On Friday, March 31, Chris and I, along with the delightful Jane Malliett from Winston-Salem State, went to the North Carolina Serials Conference in Chapel Hill. The conference was good, and there were several interesting sessions, but I’m going to focus on only one, because it was kind of complicated.
Jacob Shelby of NC State Libraries gave a presentation called “Exploring Linked Data Through the Lens of Technical Services” that did a very good job of giving a basic introduction to the complex topic of linked data. I will likely do a much inferior job of trying to explain his presentation, but here goes:
Shelby began by discussing the basic principles of linked data as described by Tim Berners-Lee (the guy who basically invented the World Wide Web). They are:
- Use URIs (Uniform Resource Indicators) as names of things
- Use HTTP URIs so that people can look up things
- When someone looks up a URI, provide useful information, using the standards used on the Web (such as RDF and SPARQL)
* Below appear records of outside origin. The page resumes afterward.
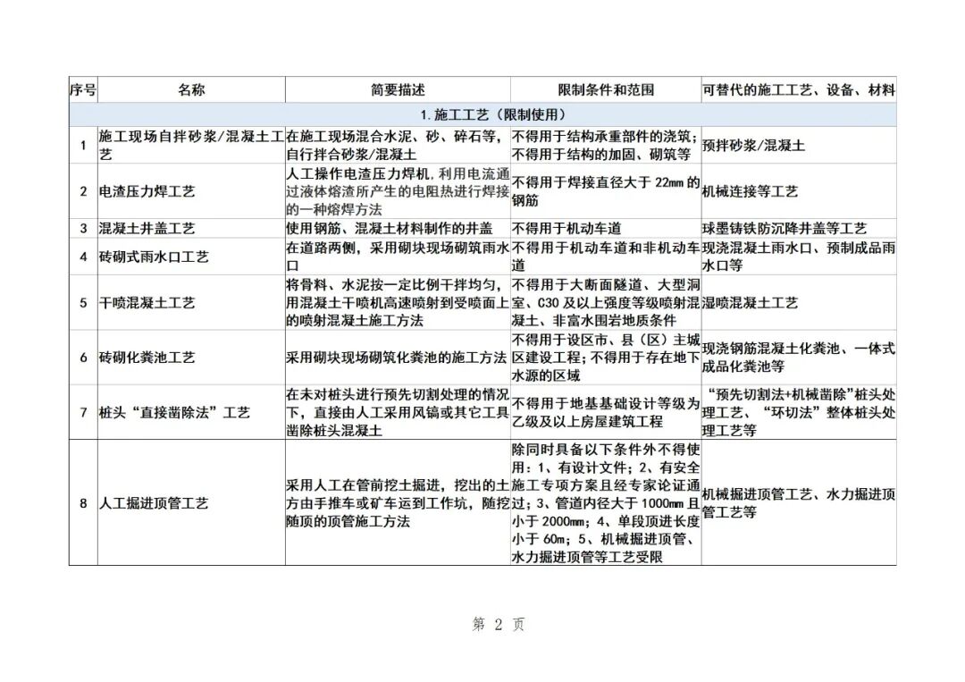 11月15日,住建部官网发布《关于《房屋市政工程禁止和限制使用技术目录(2022年版)(征求意见稿)》公开征求意见的通知》,10项技术拟被禁止使用。混凝土井盖工艺、砖砌式雨水口工艺等16项技术拟被限制使用。
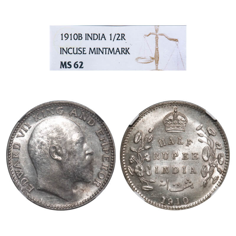 Edward VII, Silver, Half Rupee, 1910, Bombay Mint, 'B' incused and dot. F. Prid 317. GK 970. NGC Slab MS 62. Extremely Rare.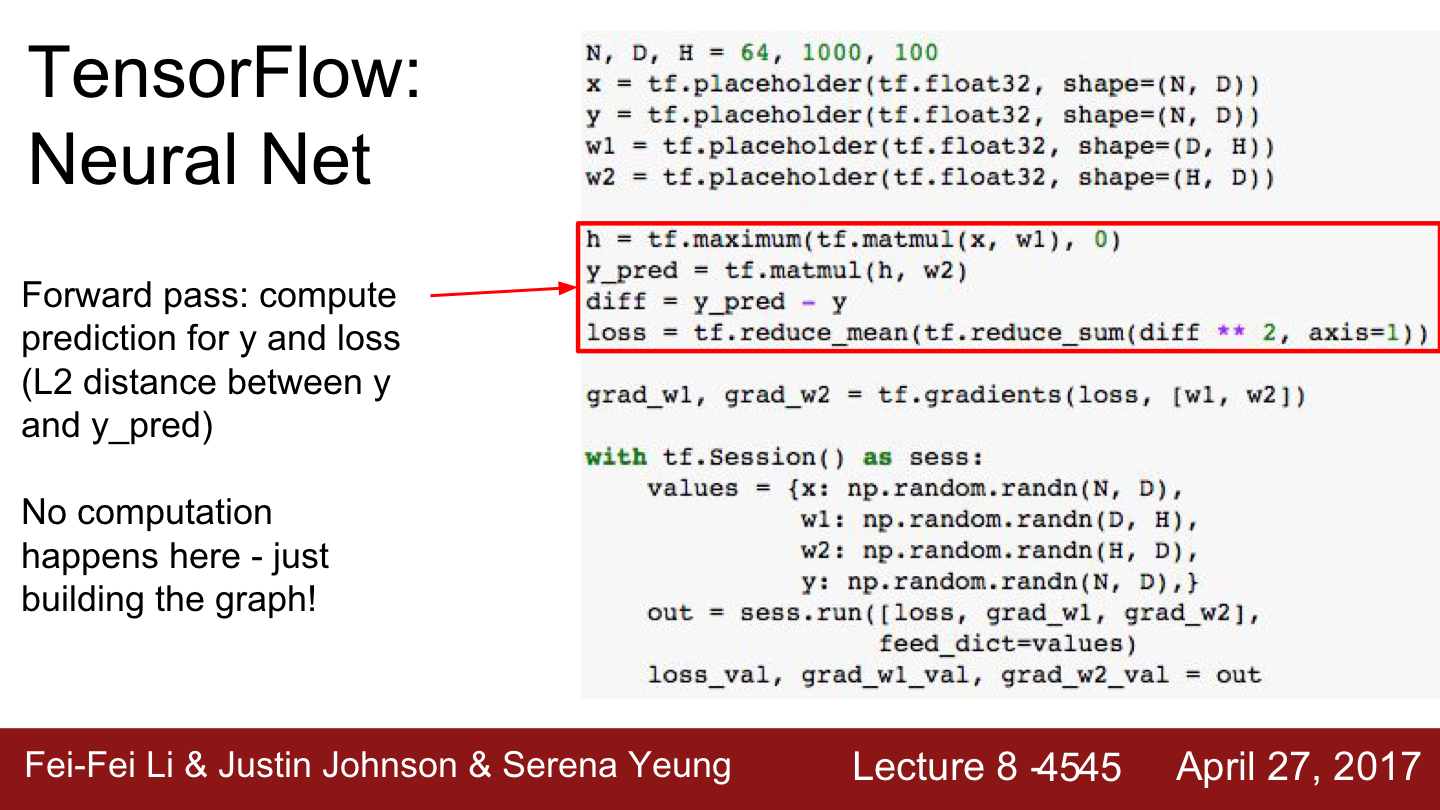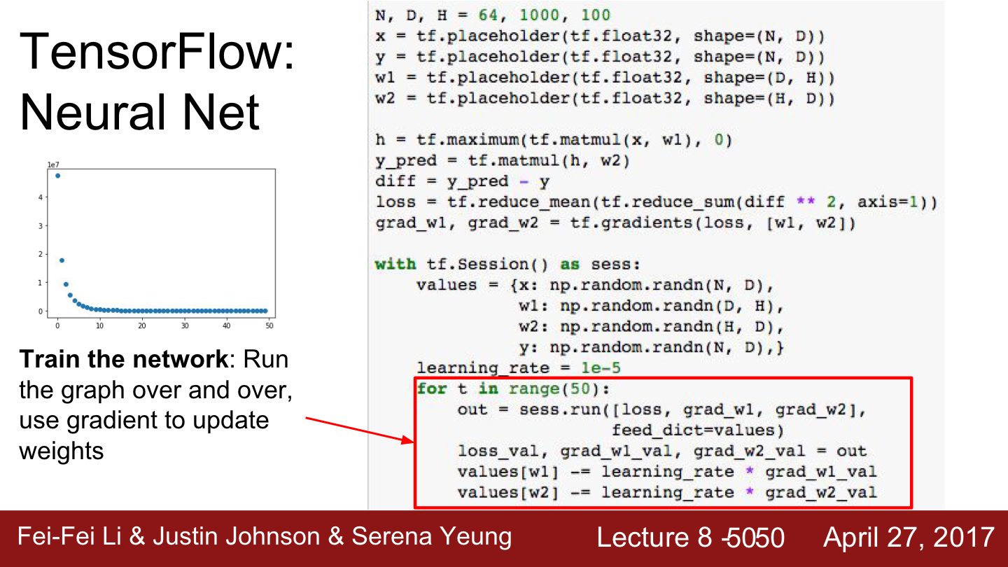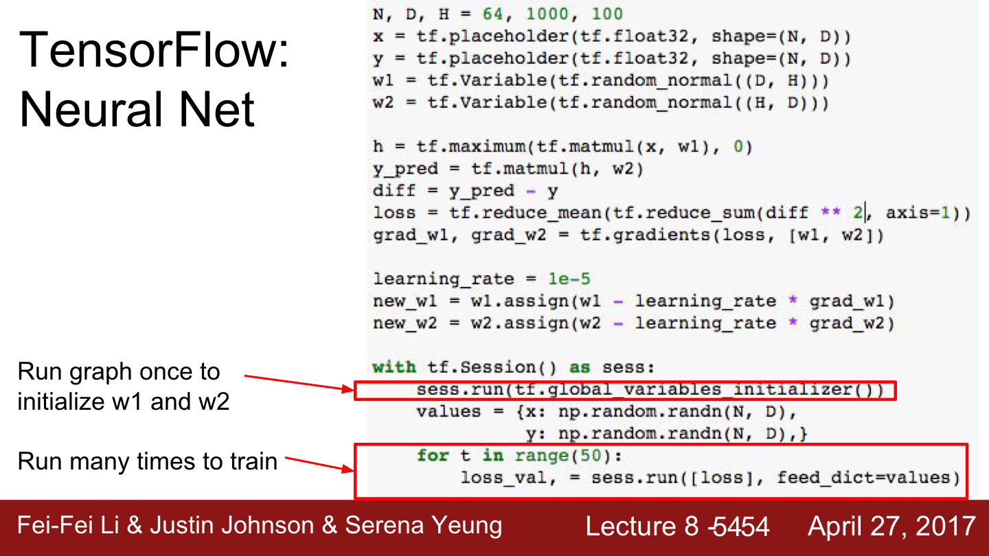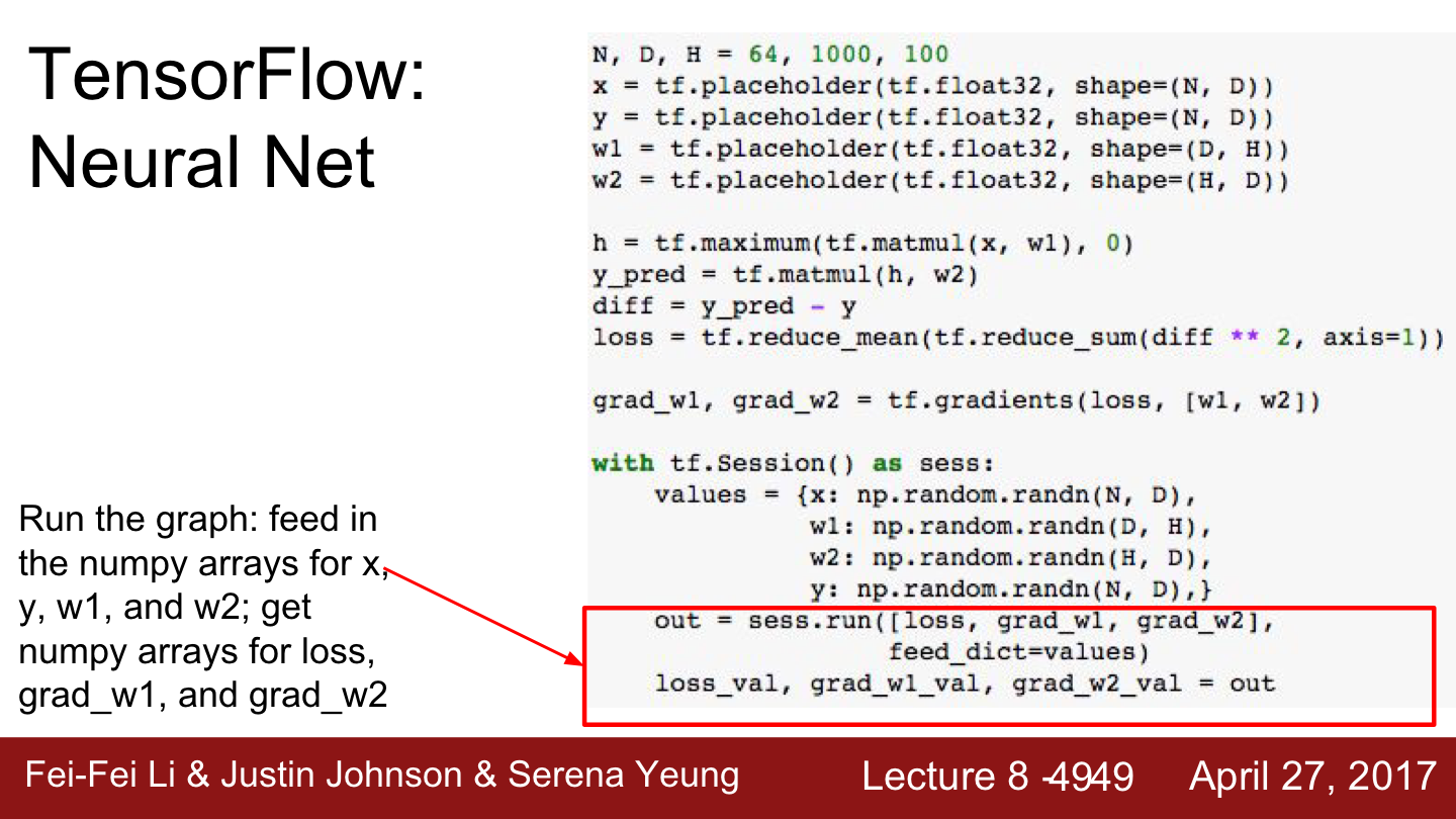 sess.run의 첫 번째 인자로 loss, grad_w1, grad_w2가 있는 것은 그래프의 출력으로 어떤 부분을 원하는지 말해주는 부분입니다. 그리고 feed_dict를 통해 실제 값을 전달해줍니다.
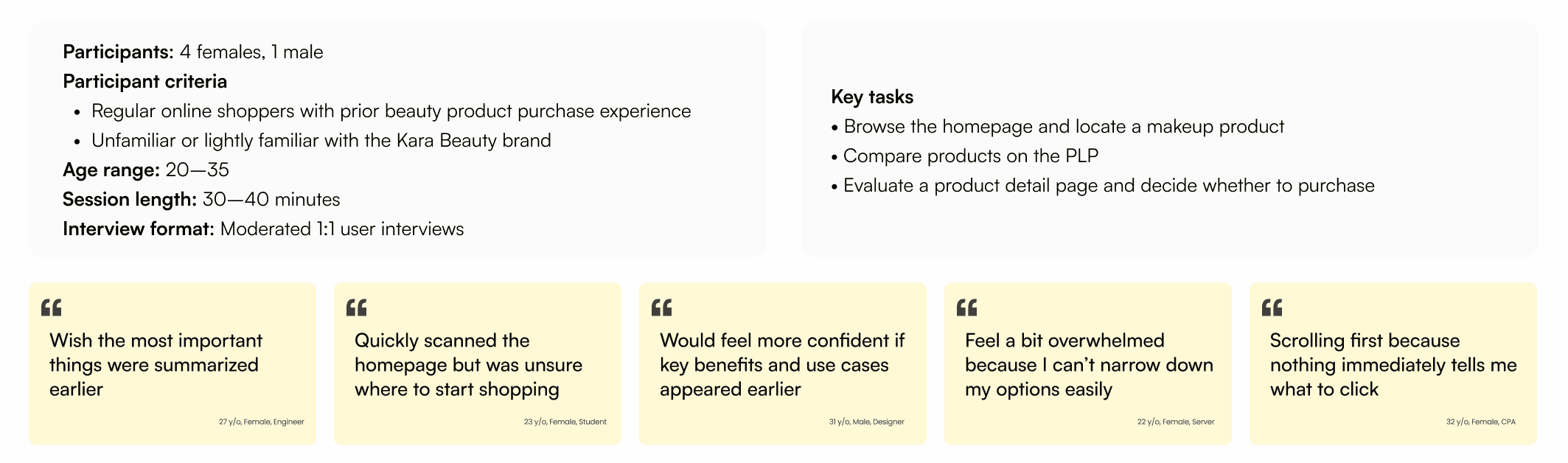 Across Home, PLP, and PDP, unclear entry points, weak information hierarchy, and delayed benefits made it difficult for users to quickly understand where to start, how to compare options, and when to feel confident enough to purchase.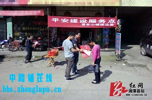工作人员向路过的群众发放宣传资料

- Include links to other URIs, so people can discover more things
The key technologies in providing linked data are: Resource Description Framework (or RDF), serializations, ontologies, triplestores, and SPARQL.
RDF is the standard model for data interchange on the Web. It is very simple, and uses URIs to name the relationship between things. It does this through the use of triples, which follow the basic structure of a sentence. In a triple, you have a Subject, a Predicate, and an Object. An example of a triple would be: Person (subject) Has The Name (predicate) John Smith (object).
Serializations are computer languages or syntaxes that provide a way to group three URIs (one URI each for the subject, predicate and object) into a triple in an intelligible way. Examples of serializations are N-Triples, TURTLE, JSON-LD, and RDF/XML.
Ontologies are technologies that are used to describe all the relationships between different objects in RDF. An ontology formally represents knowledge as a set of concepts within a domain, and the relationship between those concepts. That is, an ontology provides the structural framework for organizing information. It’s about adding meaning to your data so it can be understood and reused by others. Examples of ontologies include RDF-schema, FOAF (Friend-of-a-Friend), Dublin Core, SKOS, Schema.org, and BIBFRAME.
A triplestore is a database that stores data that is saved as RDF triples.
SPARQL is a query language used for querying data that is organized into RDF.
So, to re-cap, if I’ve got this right (and I’m not entirely sure I do): RDF provides a model for describing things using URIs based on triples (subject, predicate, object). You use a serialization (syntax) to organize the URIs in an intelligible and usable way. You then use an ontology to create a framework to relate all of your serialized data in a way that is meaningful and can be understood and reused by others. All of this stuff is kept in a triplestore, and you can query and access the data using the SPARQL language. Linked data is about having a whole bunch of triplestores connected and sharing this rigorously structured data across the Web instantaneously.
Shelby concluded his presentation by saying that linked data helps:
- make data more meaningful.
- make data more interoperable.
- make data more connectable.
But that linked data does not solve all the world’s metadata problems.